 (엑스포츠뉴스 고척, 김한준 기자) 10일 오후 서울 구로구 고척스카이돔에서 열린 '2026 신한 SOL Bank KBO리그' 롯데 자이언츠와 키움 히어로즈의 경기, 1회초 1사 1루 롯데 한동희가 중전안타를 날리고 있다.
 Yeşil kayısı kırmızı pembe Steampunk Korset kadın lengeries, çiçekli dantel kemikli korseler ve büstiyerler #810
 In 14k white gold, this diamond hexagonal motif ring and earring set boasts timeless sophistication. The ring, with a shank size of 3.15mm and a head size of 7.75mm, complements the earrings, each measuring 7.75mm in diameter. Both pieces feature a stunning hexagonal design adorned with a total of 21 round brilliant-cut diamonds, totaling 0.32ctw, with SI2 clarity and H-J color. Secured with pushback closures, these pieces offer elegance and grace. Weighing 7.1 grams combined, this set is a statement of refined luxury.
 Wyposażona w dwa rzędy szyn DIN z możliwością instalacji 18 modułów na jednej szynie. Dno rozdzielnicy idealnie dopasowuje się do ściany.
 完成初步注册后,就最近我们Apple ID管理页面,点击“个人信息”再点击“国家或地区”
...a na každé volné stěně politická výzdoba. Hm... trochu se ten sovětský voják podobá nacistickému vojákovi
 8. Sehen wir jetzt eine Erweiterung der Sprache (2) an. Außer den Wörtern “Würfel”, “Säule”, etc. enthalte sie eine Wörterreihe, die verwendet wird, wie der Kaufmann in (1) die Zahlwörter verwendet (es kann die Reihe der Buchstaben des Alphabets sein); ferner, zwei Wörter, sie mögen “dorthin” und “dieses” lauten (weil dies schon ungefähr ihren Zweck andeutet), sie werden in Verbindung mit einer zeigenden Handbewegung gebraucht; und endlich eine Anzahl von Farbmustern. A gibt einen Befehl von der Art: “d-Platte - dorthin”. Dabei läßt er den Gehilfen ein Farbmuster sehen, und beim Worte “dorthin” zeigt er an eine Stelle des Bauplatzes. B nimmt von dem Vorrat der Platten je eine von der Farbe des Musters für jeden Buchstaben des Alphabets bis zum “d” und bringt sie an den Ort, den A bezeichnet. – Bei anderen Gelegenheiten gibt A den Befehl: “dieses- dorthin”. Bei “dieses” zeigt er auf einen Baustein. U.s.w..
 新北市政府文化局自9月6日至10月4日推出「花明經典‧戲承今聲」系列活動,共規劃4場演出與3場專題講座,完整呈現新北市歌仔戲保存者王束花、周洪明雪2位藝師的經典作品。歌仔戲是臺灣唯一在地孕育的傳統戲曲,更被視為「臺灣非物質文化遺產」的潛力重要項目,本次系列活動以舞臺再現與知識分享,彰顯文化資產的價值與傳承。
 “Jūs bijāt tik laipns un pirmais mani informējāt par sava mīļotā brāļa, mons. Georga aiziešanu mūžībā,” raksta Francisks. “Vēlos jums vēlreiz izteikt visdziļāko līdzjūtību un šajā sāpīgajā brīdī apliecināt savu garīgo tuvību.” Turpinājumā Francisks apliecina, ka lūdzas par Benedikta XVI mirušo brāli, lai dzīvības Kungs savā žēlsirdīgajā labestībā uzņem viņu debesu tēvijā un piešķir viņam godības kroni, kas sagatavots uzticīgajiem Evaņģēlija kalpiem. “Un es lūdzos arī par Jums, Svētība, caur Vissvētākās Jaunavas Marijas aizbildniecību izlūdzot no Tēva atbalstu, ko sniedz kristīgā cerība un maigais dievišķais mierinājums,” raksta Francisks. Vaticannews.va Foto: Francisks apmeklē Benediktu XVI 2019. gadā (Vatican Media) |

__EXERCISE BRIEF__: Copy the material above exactly. Include every line.

__ANSWER BOX__:
 (엑스포츠뉴스 고척, 김한준 기자) 10일 오후 서울 구로구 고척스카이돔에서 열린 '2026 신한 SOL Bank KBO리그' 롯데 자이언츠와 키움 히어로즈의 경기, 1회초 1사 1루 롯데 한동희가 중전안타를 날리고 있다.
 Yeşil kayısı kırmızı pembe Steampunk Korset kadın lengeries, çiçekli dantel kemikli korseler ve büstiyerler #810
 In 14k white gold, this diamond hexagonal motif ring and earring set boasts timeless sophistication. The ring, with a shank size of 3.15mm and a head size of 7.75mm, complements the earrings, each measuring 7.75mm in diameter. Both pieces feature a stunning hexagonal design adorned with a total of 21 round brilliant-cut diamonds, totaling 0.32ctw, with SI2 clarity and H-J color. Secured with pushback closures, these pieces offer elegance and grace. Weighing 7.1 grams combined, this set is a statement of refined luxury.
 Wyposażona w dwa rzędy szyn DIN z możliwością instalacji 18 modułów na jednej szynie. Dno rozdzielnicy idealnie dopasowuje się do ściany.
 完成初步注册后,就最近我们Apple ID管理页面,点击“个人信息”再点击“国家或地区”
...a na každé volné stěně politická výzdoba. Hm... trochu se ten sovětský voják podobá nacistickému vojákovi
 8. Sehen wir jetzt eine Erweiterung der Sprache (2) an. Außer den Wörtern “Würfel”, “Säule”, etc. enthalte sie eine Wörterreihe, die verwendet wird, wie der Kaufmann in (1) die Zahlwörter verwendet (es kann die Reihe der Buchstaben des Alphabets sein); ferner, zwei Wörter, sie mögen “dorthin” und “dieses” lauten (weil dies schon ungefähr ihren Zweck andeutet), sie werden in Verbindung mit einer zeigenden Handbewegung gebraucht; und endlich eine Anzahl von Farbmustern. A gibt einen Befehl von der Art: “d-Platte - dorthin”. Dabei läßt er den Gehilfen ein Farbmuster sehen, und beim Worte “dorthin” zeigt er an eine Stelle des Bauplatzes. B nimmt von dem Vorrat der Platten je eine von der Farbe des Musters für jeden Buchstaben des Alphabets bis zum “d” und bringt sie an den Ort, den A bezeichnet. – Bei anderen Gelegenheiten gibt A den Befehl: “dieses- dorthin”. Bei “dieses” zeigt er auf einen Baustein. U.s.w..
 新北市政府文化局自9月6日至10月4日推出「花明經典‧戲承今聲」系列活動,共規劃4場演出與3場專題講座,完整呈現新北市歌仔戲保存者王束花、周洪明雪2位藝師的經典作品。歌仔戲是臺灣唯一在地孕育的傳統戲曲,更被視為「臺灣非物質文化遺產」的潛力重要項目,本次系列活動以舞臺再現與知識分享,彰顯文化資產的價值與傳承。
 “Jūs bijāt tik laipns un pirmais mani informējāt par sava mīļotā brāļa, mons. Georga aiziešanu mūžībā,” raksta Francisks. “Vēlos jums vēlreiz izteikt visdziļāko līdzjūtību un šajā sāpīgajā brīdī apliecināt savu garīgo tuvību.” Turpinājumā Francisks apliecina, ka lūdzas par Benedikta XVI mirušo brāli, lai dzīvības Kungs savā žēlsirdīgajā labestībā uzņem viņu debesu tēvijā un piešķir viņam godības kroni, kas sagatavots uzticīgajiem Evaņģēlija kalpiem. “Un es lūdzos arī par Jums, Svētība, caur Vissvētākās Jaunavas Marijas aizbildniecību izlūdzot no Tēva atbalstu, ko sniedz kristīgā cerība un maigais dievišķais mierinājums,” raksta Francisks. Vaticannews.va Foto: Francisks apmeklē Benediktu XVI 2019. gadā (Vatican Media) |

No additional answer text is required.